Poder confrontar algumas afirmações da Bíblia com explicações alternativas, concretas, observáveis, ajudou a colocar em causa a infalibilidade, a autoridade do restante texto e permitiu, como libertação, que deixasse de ser tomado literalmente.
Por exemplo, deixou de ser sustentável que alguém de boa fé (interessante expressão) mantivesse que a idade da terra não passava de 6000 anos, quando a geologia indicava 5 mil milhões.

Aqui põe-se o problema da sustentação da ciência como forma de organização do pensamento capaz de ombrear com a teológica: não nasceu assim (e, às vezes, não parece garantido que dessa forma se mantenha).
De facto, foi fácil sobrepor ao heliocentrismo o dogma da centralidade da terra, a mando do papa. Mas a lenta afirmação da ciência como forma de agir sobre o mundo, capaz de demonstrar o seu valor no concreto do quotidiano das pessoas, permitiu que fosse mais e mais respeitada.
A ponto de ser ouvida quando se arrogou a confrontar as leituras e, de forma sistemática e verificável (se bem que não perfeita), desmontar as inverdades.

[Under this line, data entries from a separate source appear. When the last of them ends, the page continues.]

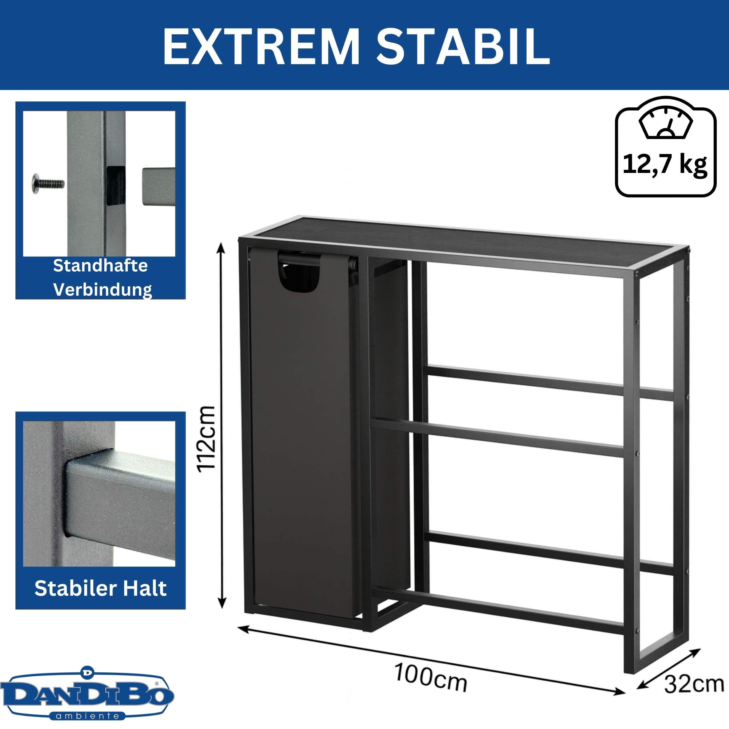 ABMESSUNGEN: Höhe 112 cm, Breite 100 cm, Tiefe 32 cm, Gewicht: 12,7 kg.
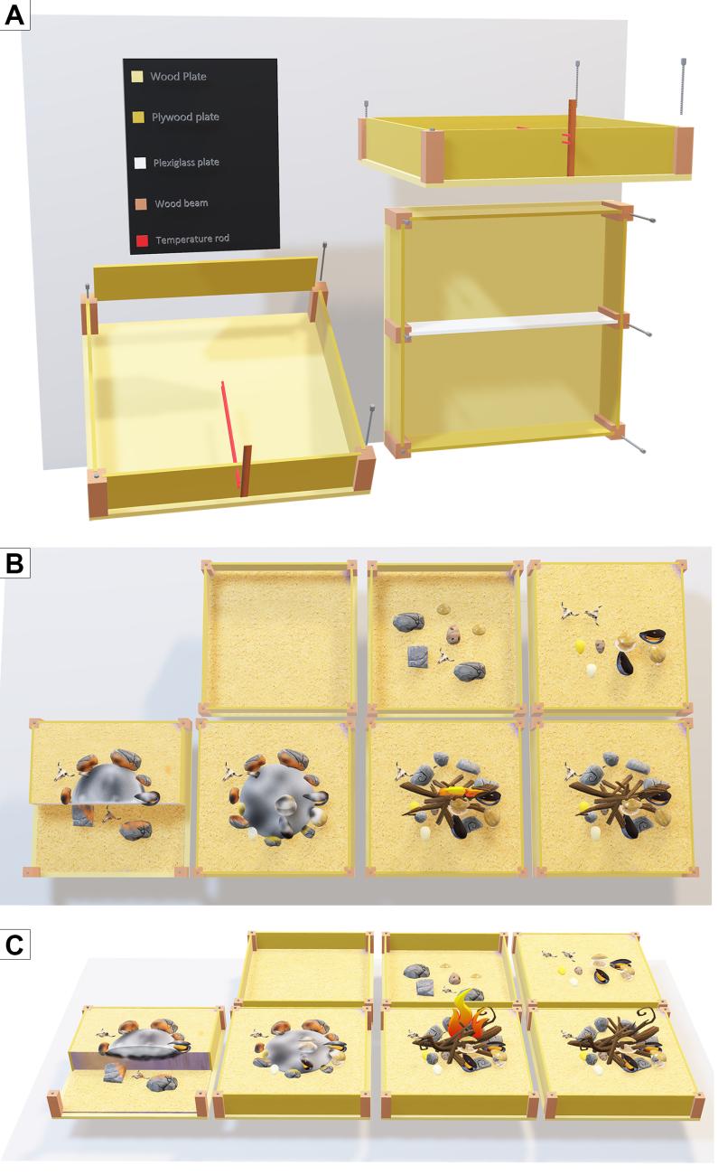 To achieve robust spatial control over sediments, material, and physical properties such as heat distribution and moisture content, we designed and created a standardized physical recording environment – a fixed-sized sandbox – in which the experiments would be conducted (See Figure 2). The known format of the boxes allowed us to pre-plan each individual experiment in terms of their spatial layout and material integration. The design of, and results from, previous experiments (e.g., Bentsen, 2012; 2013; 2014; Mallol et al., 2013b; Sievers and Wadley, 2008) have demonstrated that a 100 x 100 cm surface area would be sufficient for our experiments and a substrate thickness of 30 cm would accommodate for the predicted alterations occurring below the fire. Our boxes thus had an interior base of 100 x 100 cm and a height of 30 cm. The modular design allowed for easy packing, transportation, and assembly and ensured that the experiments could be conducted in any location with minimal impact. Four identical boxes were constructed and used during the experiments and can be reused in the future.
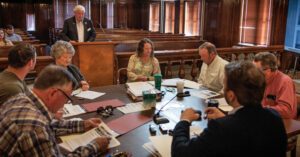 Kenneth Raney speaks to the Stephens County Commissioners Court on Feb. 24, 2025, about installing a monument featuring the words of the letter that Lt. Col. William Barret Travis sent to Sam Houston on Feb. 24, 1836, asking for help in protecting the Alamo from the Mexican army. The commissioners approved the monument. (Photo by Tony Pilkington/Breckenridge Texan)
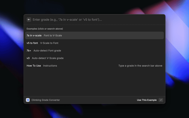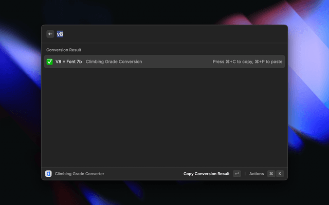 This is an extension for raycast that converts any climbing grade (Font e. 7b+, V-scale e. V8, and YDS e. 5.14a) into a selected one, using natural language.

Este minar da autoridade dos textos sagrados para assuntos do prosaico e temporal, permitiu repensar a perfeição dos restantes dizeres.
Foi possível temperar com humanidade o texto: à partida, por que a autoridade divina parecia ter sido amplamente mediada pela mão muito humana dos escribas; à chegada, porque a leitura contemporânea do texto permitia dar-lhe outros contextos de aplicação.

Assim, a reputação lentamente granjeada pela ciência, reconhecida pelos homens pelos seus resultados no concreto, e a presença nos textos sagrados de afirmações susceptíveis de confronto (i.e., proximamente relacionadas com a realidade física), permitiu o questionar da totalidade dos textos, mesmo na vertente mais espiritual.

De forma interessante, essa libertação dos textos das mentiras literais que carregavam, permitiu que se não conspurcasse a verdade sentida da revelação espiritual pela dúvida associada à realidade física. Talvez tenha permitido ler os textos de forma mais profunda, por menos literal.

Vem tudo isto a propósito da Bíblia. No Corão, dizem-me, há menos registos directamente confrontáveis com a realidade física e, portanto, mais dificilmente questionáveis por outras leituras dessa realidade.
Mesmo que a ciência possa eventualmente ser respeitada pela maioria dos muçulmanos, pela força com que se demonstra e impõe (nem que seja sob a forma de mísseis e armas), a ausência de um historial de dúvida e de separação do que é acessório e do que é essencial, pode dificultar a leitura menos literal dos textos sagrados.
Até porque essa outra forma de ler a realidade, a tal ciência, tem aparecido (não desde sempre, mas nos últimos séculos) associada a infiéis, bárbaros. É aceite à força, pela força.
Não cativando as mentes, não facilita a aceitação como alternativa, como passo para a humanização dos textos e, através dessa intermediação, para o seu recentramento na esfera espiritual.